MG ZS

On the road, the MG ZS’s responsive hybrid powertrain earns its points. Plenty of electric torque allows the combustion engine to stay shut down for much longer than many HEV rivals manage and makes good on MG’s claims of a particular EV-like quality to lower-speed motoring. You don’t need to rouse the reciprocating pistons to get the ZS up to speed smartly, while adjustable energy regeneration and a fairly progressive brake pedal make smooth, efficient progress easy (think 55mpg on a mixed route).

More broadly, the ZS driving experience lacks some refinement, civility and dynamic sophistication – not enough to breach the boundaries of the acceptable but enough, certainly, to notice the deficit compared with many rivals.

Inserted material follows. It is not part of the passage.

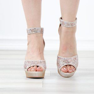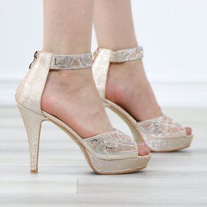 Sparkly Rhinestone Glitter Diamond Platform Ankle Bracelet Open Toe High Heel

A slightly heavy, leaden-feeling steering system makes guiding the car less easy than it ought to be and sets the tone for handling that is secure and precise enough at town speeds but that begins to run out of body control when the road surface gets uneven.

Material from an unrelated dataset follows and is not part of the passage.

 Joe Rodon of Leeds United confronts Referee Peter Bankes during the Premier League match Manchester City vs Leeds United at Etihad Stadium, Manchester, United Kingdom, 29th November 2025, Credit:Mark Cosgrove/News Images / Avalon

The ZS’s ride can feel overly firm and fidgety at times, and yet a little soft and unruly at other times. But there is a slight woodenness to it that is a constant factor and makes for plenty of road noise and coarseness over rougher asphalt. The car seldom quite settles down on country roads, finding a way to be upset by varying ride frequency inputs. It’s smoother on dual carriageways and deals with well-paved town roads decently well, but rough surfaces always make it come up short for vibration isolation.

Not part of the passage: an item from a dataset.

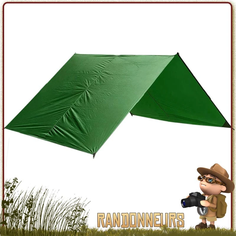Ce Tarp robuste colonne d’eau 3000 mm est déperlant et résistant aux UV, idéal pour un campement bushcraft nature par temps humide et pluvieux.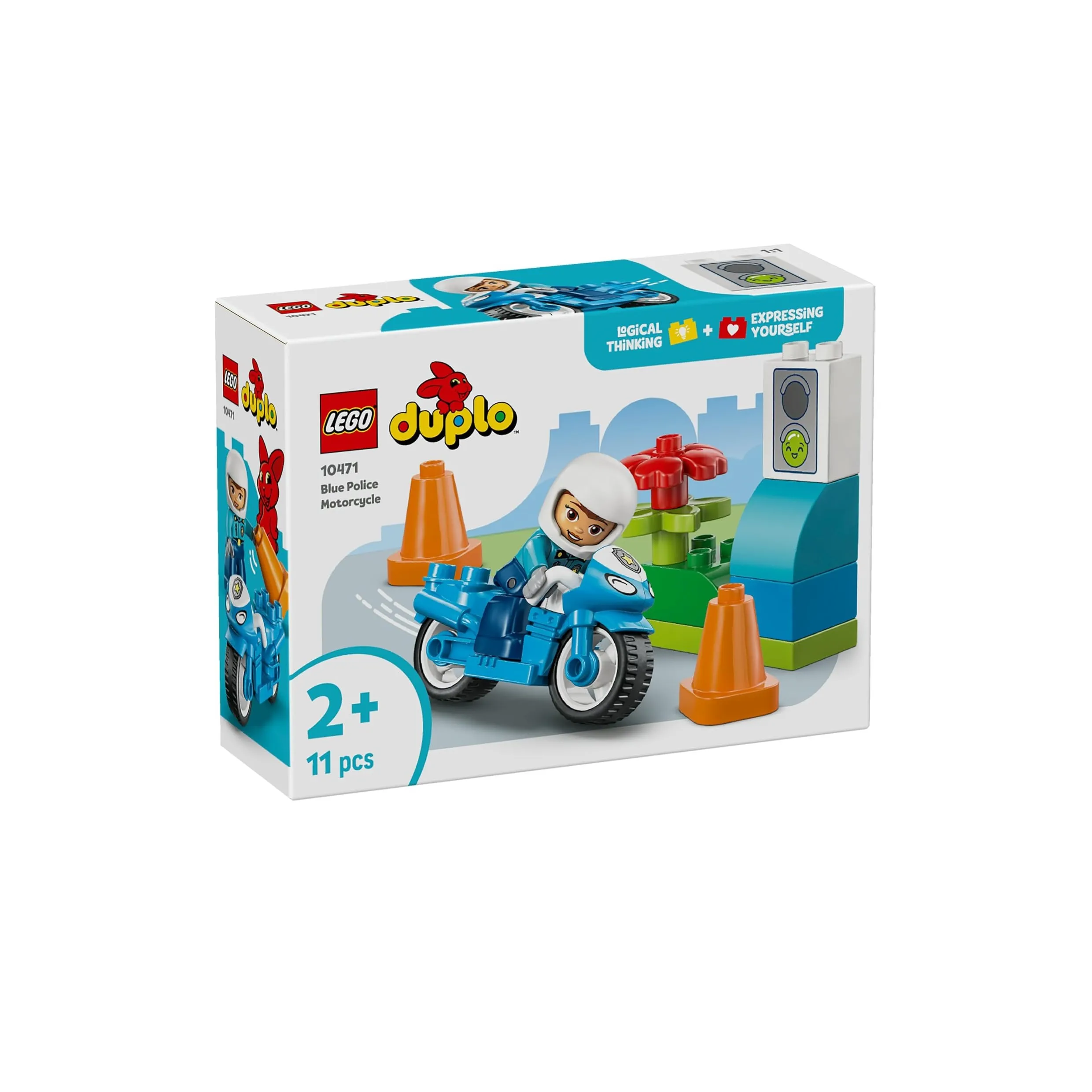Bring action-packed play to toddlers aged 2+ with the LEGO® DUPLO® Town Blue Police Motorcycle (10471). This fun learning toy lets little ones create community-helper stories as a police officer patrols the roads on a bright blue motorcycle.

That hybrid transmission might give halfway-spirited objective acceleration, meanwhile, but it doesn’t take to hard work quietly or smoothly, the combustion engine proving noisy and a little clunky when you ask for full power. You can blame the three-speed auto for that. Thankfully, you don’t often need full power to make decently swift progress in this car. It has an accessible sense of oomph that many HEVs lack – and that might be its best dynamic asset.